§ PROMPT: Output the data verbatim, minus the images.

§ RECORDED DATA:
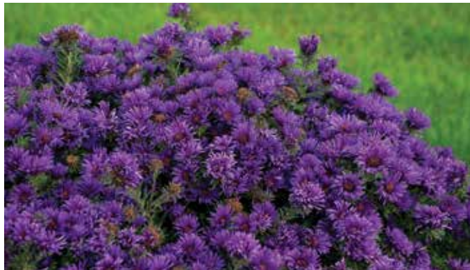
'Grape Crush' Aster
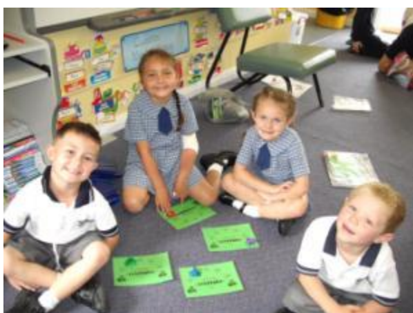
Kindergarten Maths games
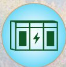
Battery & ESS
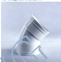
45 Degree Bend FF

§ SOLUTION TO THIS PROBLEM:
'Grape Crush' Aster
Kindergarten Maths games
Battery & ESS
45 Degree Bend FF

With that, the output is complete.